**Requirement:** Starting with the first line below, extract each line through the one that contains "A floor-length, strapless", inclusive, excluding pictures.

Supplied information Block Start

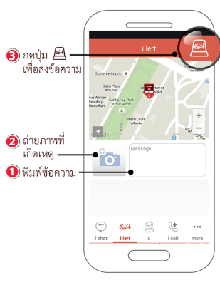 ให้เปิดแอพ Police i lert u แล้วเลือกแถบเมนูด้านล่างที่ i lert จากนั้น ถ่ายรูปที่เกิดเหตุไว้ และพิมพ์รายละเอียดเหตุการณ์แจ้งเบาะแสต่างๆถึงตำรวจ และระบุพิกัดที่เกิดเหตุ (ต้องเปิด GPS ด้วย) เสร็จแล้วก็แตะที่ปุ่ม lert ที่มุมขวาบนของหน้าจอ ข้อมูลทั้งหมดทั้งพิกัดแผนที่เกิดเหตุ รูปภาพเหตุการณ์ และข้อความเบาะแสต่างๆจะส่งถึงตำรวจทันที ผ่านทางเครือข่ายอินเทอร์เน็ต , 3G , 4G
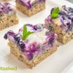 Az alapot vegyük ki a hűtőből és egyenletesen simítsuk bele a sajttortás részt, majd kanalazzuk rá az áfonyaszószt. Tálalás előtt legalább 3-4 órán át tároljuk hűtőben.
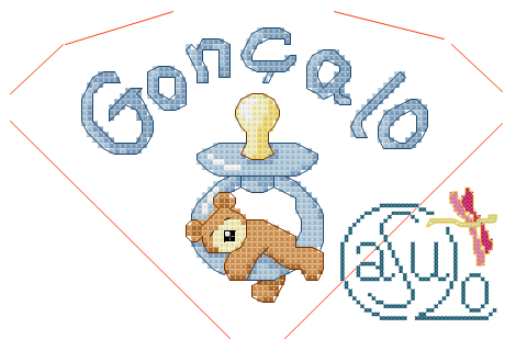 Para o quadro do Rubem, escolhi um desenho do ursinho Pooh (adaptação dum alfabeto de revista).
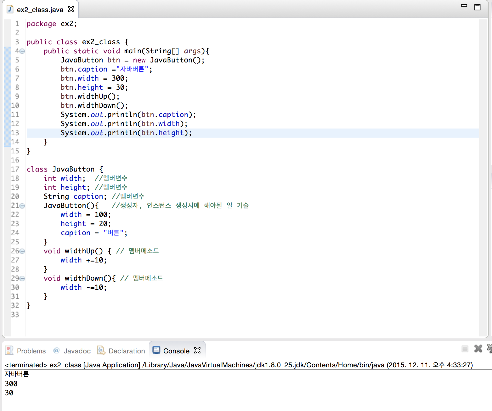 현제 디렉토리에서 ex2라는 디렉토리 생성 후, 아래의 클래스들을 저장한다는 의미이다.
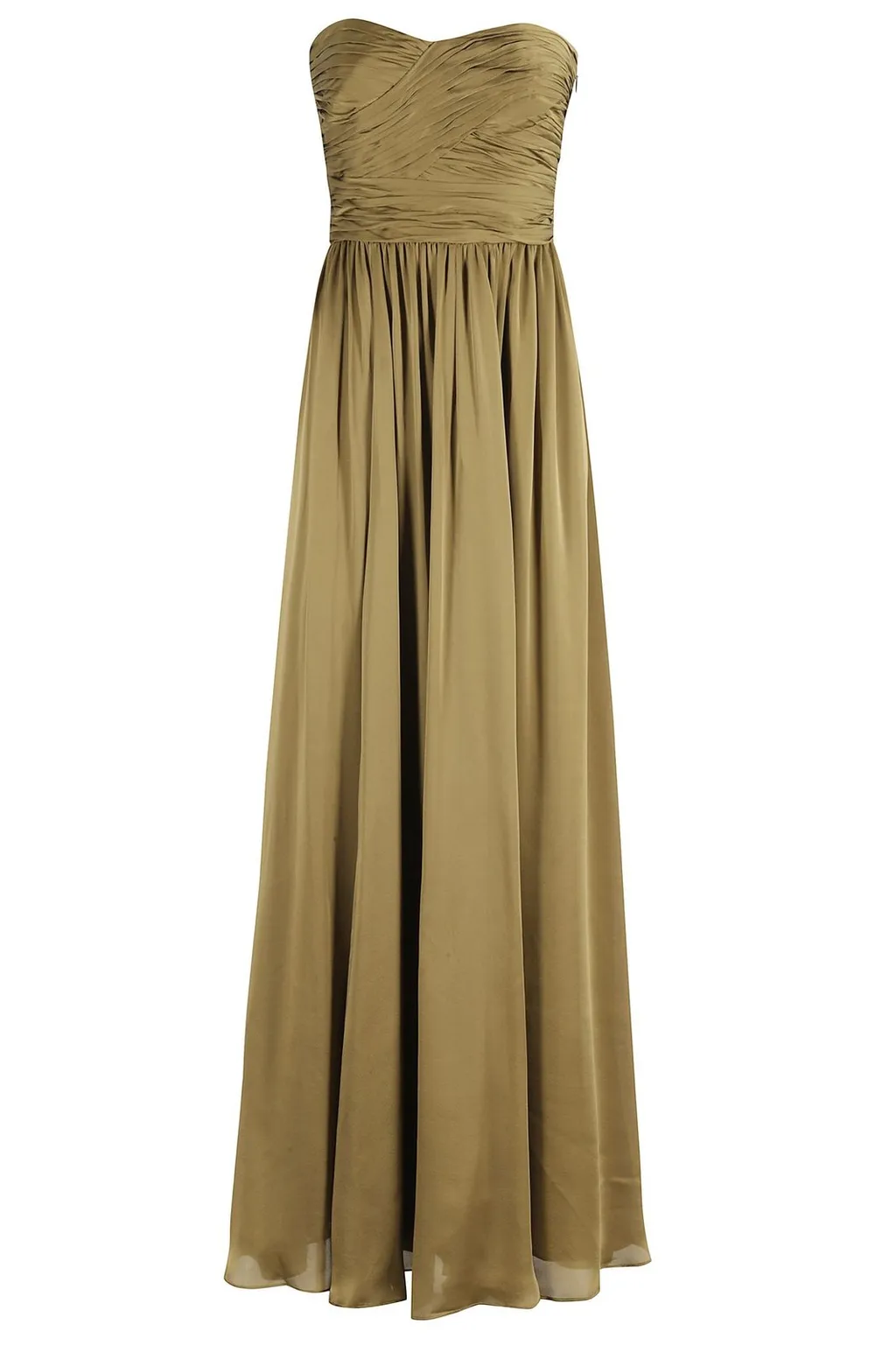 A floor-length, strapless gown with a ruched bodice and a flowing a-line skirt.
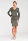 Idealna na cieplejsze sezon wiosenny i letni - stylowa przy jednoczesnym zachowaniu komfortu noszenia. Można ją łączyć z różnorodnymi dodatkami, od eleganckich po codzienne, kreując unikalne outfit'y na każdą okoliczność. Dodaj trochę elegancji do swojego asortymentu z sukienka z krótkim rękawem i sukienka z głębokim dekoltem od FIGL M1049!
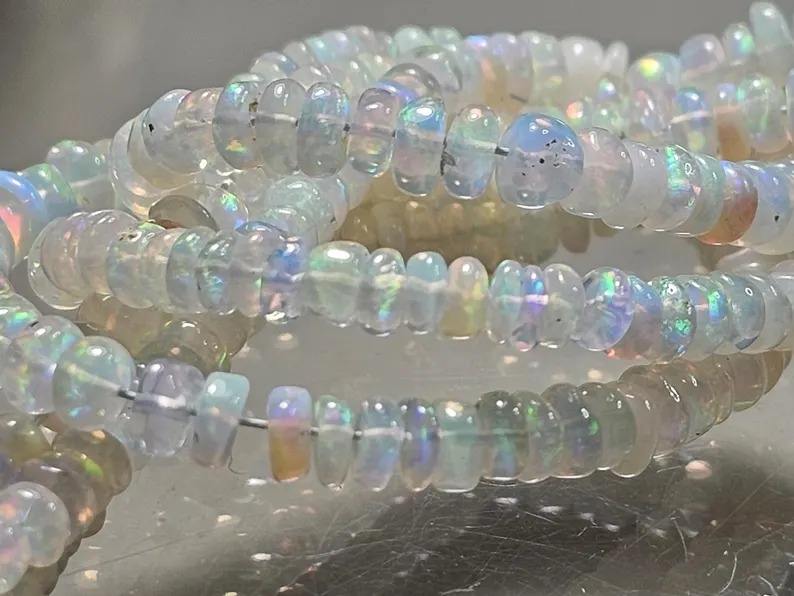 AA โอปอลเอธิโอเปียนธรรมชาติลูกปัดหิน4-4.5มม. สีรุ้งเรียบได้รับการรับรองจากบุคคลที่สาม
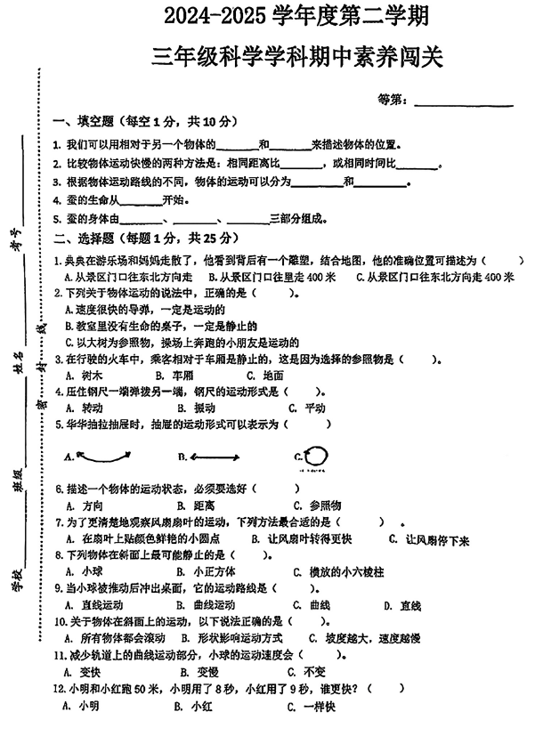 江苏100教学资源网 三下 江苏省徐州市睢宁县实验小学2024-2025学年三年级下学期期中科学试题(无答案) https://www.jiangsu100.com/34915.html

Supplied information Block End

**Response box:**
 ให้เปิดแอพ Police i lert u แล้วเลือกแถบเมนูด้านล่างที่ i lert จากนั้น ถ่ายรูปที่เกิดเหตุไว้ และพิมพ์รายละเอียดเหตุการณ์แจ้งเบาะแสต่างๆถึงตำรวจ และระบุพิกัดที่เกิดเหตุ (ต้องเปิด GPS ด้วย) เสร็จแล้วก็แตะที่ปุ่ม lert ที่มุมขวาบนของหน้าจอ ข้อมูลทั้งหมดทั้งพิกัดแผนที่เกิดเหตุ รูปภาพเหตุการณ์ และข้อความเบาะแสต่างๆจะส่งถึงตำรวจทันที ผ่านทางเครือข่ายอินเทอร์เน็ต , 3G , 4G
 Az alapot vegyük ki a hűtőből és egyenletesen simítsuk bele a sajttortás részt, majd kanalazzuk rá az áfonyaszószt. Tálalás előtt legalább 3-4 órán át tároljuk hűtőben.
 Para o quadro do Rubem, escolhi um desenho do ursinho Pooh (adaptação dum alfabeto de revista).
 현제 디렉토리에서 ex2라는 디렉토리 생성 후, 아래의 클래스들을 저장한다는 의미이다.
 A floor-length, strapless gown with a ruched bodice and a flowing a-line skirt.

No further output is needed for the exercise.